**PROMPT:** The reply to the records below should contain exactly the lines from the line with "A recent collaboration" through the line with "После полета в", and nothing besides.

##### DATA FOR PROCESSING #####

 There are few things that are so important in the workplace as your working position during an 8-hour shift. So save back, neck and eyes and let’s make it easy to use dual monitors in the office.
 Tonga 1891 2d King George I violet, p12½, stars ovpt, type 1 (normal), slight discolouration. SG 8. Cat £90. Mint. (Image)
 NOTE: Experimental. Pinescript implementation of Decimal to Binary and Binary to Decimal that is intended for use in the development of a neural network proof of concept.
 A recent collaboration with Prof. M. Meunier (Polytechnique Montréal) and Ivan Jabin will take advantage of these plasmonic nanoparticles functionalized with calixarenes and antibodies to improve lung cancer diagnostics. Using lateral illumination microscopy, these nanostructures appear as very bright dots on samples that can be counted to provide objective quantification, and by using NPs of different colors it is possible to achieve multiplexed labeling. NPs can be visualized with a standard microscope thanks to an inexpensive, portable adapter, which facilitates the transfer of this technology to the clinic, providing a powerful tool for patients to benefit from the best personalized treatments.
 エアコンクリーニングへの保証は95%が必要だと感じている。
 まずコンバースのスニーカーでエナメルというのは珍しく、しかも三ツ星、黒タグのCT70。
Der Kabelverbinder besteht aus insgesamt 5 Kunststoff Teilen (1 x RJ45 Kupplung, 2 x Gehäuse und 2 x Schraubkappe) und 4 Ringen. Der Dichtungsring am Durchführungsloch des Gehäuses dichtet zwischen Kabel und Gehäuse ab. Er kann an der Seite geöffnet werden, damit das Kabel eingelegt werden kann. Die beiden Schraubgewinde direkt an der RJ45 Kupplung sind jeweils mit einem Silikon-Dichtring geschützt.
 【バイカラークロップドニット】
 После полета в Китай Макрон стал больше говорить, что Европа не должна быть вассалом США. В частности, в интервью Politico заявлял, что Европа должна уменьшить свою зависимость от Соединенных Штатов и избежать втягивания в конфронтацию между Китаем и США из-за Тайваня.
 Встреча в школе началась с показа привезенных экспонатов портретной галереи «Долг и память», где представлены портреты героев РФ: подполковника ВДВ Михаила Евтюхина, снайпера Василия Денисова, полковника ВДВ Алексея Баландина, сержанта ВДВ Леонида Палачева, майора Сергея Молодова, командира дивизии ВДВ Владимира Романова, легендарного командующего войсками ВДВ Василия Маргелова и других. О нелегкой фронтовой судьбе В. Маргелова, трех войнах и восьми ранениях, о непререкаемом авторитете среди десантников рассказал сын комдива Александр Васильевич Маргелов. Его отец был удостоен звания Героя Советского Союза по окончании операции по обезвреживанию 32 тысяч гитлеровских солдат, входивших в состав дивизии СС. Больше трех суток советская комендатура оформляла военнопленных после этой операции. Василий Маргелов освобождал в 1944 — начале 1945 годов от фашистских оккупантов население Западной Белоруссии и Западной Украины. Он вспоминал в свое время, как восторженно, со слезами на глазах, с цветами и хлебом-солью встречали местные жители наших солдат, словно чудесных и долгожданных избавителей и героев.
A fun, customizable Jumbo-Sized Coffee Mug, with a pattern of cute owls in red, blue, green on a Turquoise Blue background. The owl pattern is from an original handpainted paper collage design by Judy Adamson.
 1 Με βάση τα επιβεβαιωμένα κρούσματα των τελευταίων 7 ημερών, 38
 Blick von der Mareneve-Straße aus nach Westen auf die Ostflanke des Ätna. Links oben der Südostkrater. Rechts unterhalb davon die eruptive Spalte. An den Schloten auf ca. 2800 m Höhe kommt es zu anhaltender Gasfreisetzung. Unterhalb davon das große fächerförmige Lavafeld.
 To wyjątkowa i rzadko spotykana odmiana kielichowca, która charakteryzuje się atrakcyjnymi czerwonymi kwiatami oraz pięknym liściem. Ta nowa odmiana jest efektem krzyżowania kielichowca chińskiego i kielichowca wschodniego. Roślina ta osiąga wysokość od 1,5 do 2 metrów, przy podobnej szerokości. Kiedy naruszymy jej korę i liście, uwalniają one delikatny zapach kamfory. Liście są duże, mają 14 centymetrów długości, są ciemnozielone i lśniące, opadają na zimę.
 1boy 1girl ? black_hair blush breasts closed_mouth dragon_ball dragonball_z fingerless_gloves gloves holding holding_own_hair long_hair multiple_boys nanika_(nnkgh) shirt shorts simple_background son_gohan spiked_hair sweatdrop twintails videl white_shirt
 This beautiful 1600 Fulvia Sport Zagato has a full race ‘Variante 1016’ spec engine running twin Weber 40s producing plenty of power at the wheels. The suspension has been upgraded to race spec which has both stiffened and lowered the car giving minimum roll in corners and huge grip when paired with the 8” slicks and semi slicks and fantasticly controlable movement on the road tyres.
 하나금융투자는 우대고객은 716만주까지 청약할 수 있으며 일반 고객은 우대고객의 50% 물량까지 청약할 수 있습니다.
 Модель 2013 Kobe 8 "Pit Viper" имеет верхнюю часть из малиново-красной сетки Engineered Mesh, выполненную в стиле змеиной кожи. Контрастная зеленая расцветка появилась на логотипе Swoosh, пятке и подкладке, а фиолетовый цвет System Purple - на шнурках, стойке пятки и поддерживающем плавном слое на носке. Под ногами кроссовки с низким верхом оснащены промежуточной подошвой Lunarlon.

#####

**ANSWER AREA:**
 A recent collaboration with Prof. M. Meunier (Polytechnique Montréal) and Ivan Jabin will take advantage of these plasmonic nanoparticles functionalized with calixarenes and antibodies to improve lung cancer diagnostics. Using lateral illumination microscopy, these nanostructures appear as very bright dots on samples that can be counted to provide objective quantification, and by using NPs of different colors it is possible to achieve multiplexed labeling. NPs can be visualized with a standard microscope thanks to an inexpensive, portable adapter, which facilitates the transfer of this technology to the clinic, providing a powerful tool for patients to benefit from the best personalized treatments.
 エアコンクリーニングへの保証は95%が必要だと感じている。
 まずコンバースのスニーカーでエナメルというのは珍しく、しかも三ツ星、黒タグのCT70。
Der Kabelverbinder besteht aus insgesamt 5 Kunststoff Teilen (1 x RJ45 Kupplung, 2 x Gehäuse und 2 x Schraubkappe) und 4 Ringen. Der Dichtungsring am Durchführungsloch des Gehäuses dichtet zwischen Kabel und Gehäuse ab. Er kann an der Seite geöffnet werden, damit das Kabel eingelegt werden kann. Die beiden Schraubgewinde direkt an der RJ45 Kupplung sind jeweils mit einem Silikon-Dichtring geschützt.
 【バイカラークロップドニット】
 После полета в Китай Макрон стал больше говорить, что Европа не должна быть вассалом США. В частности, в интервью Politico заявлял, что Европа должна уменьшить свою зависимость от Соединенных Штатов и избежать втягивания в конфронтацию между Китаем и США из-за Тайваня.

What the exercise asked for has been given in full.